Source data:

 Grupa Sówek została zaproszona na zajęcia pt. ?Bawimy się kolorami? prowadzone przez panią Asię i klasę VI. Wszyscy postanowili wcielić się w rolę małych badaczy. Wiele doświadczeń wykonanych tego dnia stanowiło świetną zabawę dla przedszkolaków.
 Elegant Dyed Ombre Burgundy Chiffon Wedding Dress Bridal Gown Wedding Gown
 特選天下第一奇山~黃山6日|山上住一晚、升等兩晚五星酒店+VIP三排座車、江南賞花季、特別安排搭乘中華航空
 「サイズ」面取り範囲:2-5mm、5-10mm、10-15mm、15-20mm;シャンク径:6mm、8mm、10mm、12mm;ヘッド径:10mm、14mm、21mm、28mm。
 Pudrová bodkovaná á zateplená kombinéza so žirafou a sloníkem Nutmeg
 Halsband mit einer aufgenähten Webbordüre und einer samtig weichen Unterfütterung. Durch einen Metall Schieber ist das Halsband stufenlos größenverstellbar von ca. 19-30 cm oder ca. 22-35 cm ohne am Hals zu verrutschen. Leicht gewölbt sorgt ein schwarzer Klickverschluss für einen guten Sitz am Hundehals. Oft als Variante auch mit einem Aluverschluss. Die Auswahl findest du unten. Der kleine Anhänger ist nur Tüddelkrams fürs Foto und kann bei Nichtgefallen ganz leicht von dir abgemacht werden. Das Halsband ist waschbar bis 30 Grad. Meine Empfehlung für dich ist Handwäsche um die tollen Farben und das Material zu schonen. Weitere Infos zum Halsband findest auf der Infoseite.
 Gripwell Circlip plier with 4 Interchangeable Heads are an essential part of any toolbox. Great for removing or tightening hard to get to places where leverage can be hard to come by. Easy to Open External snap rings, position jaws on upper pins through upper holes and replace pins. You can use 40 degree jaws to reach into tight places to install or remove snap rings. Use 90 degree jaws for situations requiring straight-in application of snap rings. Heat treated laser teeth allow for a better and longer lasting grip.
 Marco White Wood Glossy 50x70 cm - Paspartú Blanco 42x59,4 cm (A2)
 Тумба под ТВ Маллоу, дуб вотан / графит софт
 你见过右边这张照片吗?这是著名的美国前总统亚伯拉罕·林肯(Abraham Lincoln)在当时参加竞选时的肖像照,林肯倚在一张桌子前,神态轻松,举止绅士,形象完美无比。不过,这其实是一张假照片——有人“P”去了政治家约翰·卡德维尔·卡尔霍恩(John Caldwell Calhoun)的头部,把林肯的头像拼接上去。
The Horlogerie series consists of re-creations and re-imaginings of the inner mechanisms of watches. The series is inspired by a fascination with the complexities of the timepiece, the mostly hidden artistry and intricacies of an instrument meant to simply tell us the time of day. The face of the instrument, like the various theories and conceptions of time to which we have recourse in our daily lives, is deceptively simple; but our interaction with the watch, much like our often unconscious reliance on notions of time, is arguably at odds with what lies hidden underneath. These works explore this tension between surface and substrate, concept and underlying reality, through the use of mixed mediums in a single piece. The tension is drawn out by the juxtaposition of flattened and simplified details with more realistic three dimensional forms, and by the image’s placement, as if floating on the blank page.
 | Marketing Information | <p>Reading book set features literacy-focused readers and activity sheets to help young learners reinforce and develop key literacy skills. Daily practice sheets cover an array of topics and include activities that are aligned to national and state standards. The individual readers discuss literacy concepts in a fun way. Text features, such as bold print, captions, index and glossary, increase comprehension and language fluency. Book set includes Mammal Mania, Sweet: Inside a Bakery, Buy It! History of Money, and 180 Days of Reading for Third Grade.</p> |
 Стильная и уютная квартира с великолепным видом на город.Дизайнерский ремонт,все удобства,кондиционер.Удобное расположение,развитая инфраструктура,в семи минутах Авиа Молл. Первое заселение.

» **REQUIRED ACTION**: Exactly the lines from the one holding "Marco White Wood" through the end of the records above are to be returned, and nothing else.

» **RESPONSE TO THE TASK**:
 Marco White Wood Glossy 50x70 cm - Paspartú Blanco 42x59,4 cm (A2)
 Тумба под ТВ Маллоу, дуб вотан / графит софт
 你见过右边这张照片吗?这是著名的美国前总统亚伯拉罕·林肯(Abraham Lincoln)在当时参加竞选时的肖像照,林肯倚在一张桌子前,神态轻松,举止绅士,形象完美无比。不过,这其实是一张假照片——有人“P”去了政治家约翰·卡德维尔·卡尔霍恩(John Caldwell Calhoun)的头部,把林肯的头像拼接上去。
The Horlogerie series consists of re-creations and re-imaginings of the inner mechanisms of watches. The series is inspired by a fascination with the complexities of the timepiece, the mostly hidden artistry and intricacies of an instrument meant to simply tell us the time of day. The face of the instrument, like the various theories and conceptions of time to which we have recourse in our daily lives, is deceptively simple; but our interaction with the watch, much like our often unconscious reliance on notions of time, is arguably at odds with what lies hidden underneath. These works explore this tension between surface and substrate, concept and underlying reality, through the use of mixed mediums in a single piece. The tension is drawn out by the juxtaposition of flattened and simplified details with more realistic three dimensional forms, and by the image’s placement, as if floating on the blank page.
 | Marketing Information | <p>Reading book set features literacy-focused readers and activity sheets to help young learners reinforce and develop key literacy skills. Daily practice sheets cover an array of topics and include activities that are aligned to national and state standards. The individual readers discuss literacy concepts in a fun way. Text features, such as bold print, captions, index and glossary, increase comprehension and language fluency. Book set includes Mammal Mania, Sweet: Inside a Bakery, Buy It! History of Money, and 180 Days of Reading for Third Grade.</p> |
 Стильная и уютная квартира с великолепным видом на город.Дизайнерский ремонт,все удобства,кондиционер.Удобное расположение,развитая инфраструктура,в семи минутах Авиа Молл. Первое заселение.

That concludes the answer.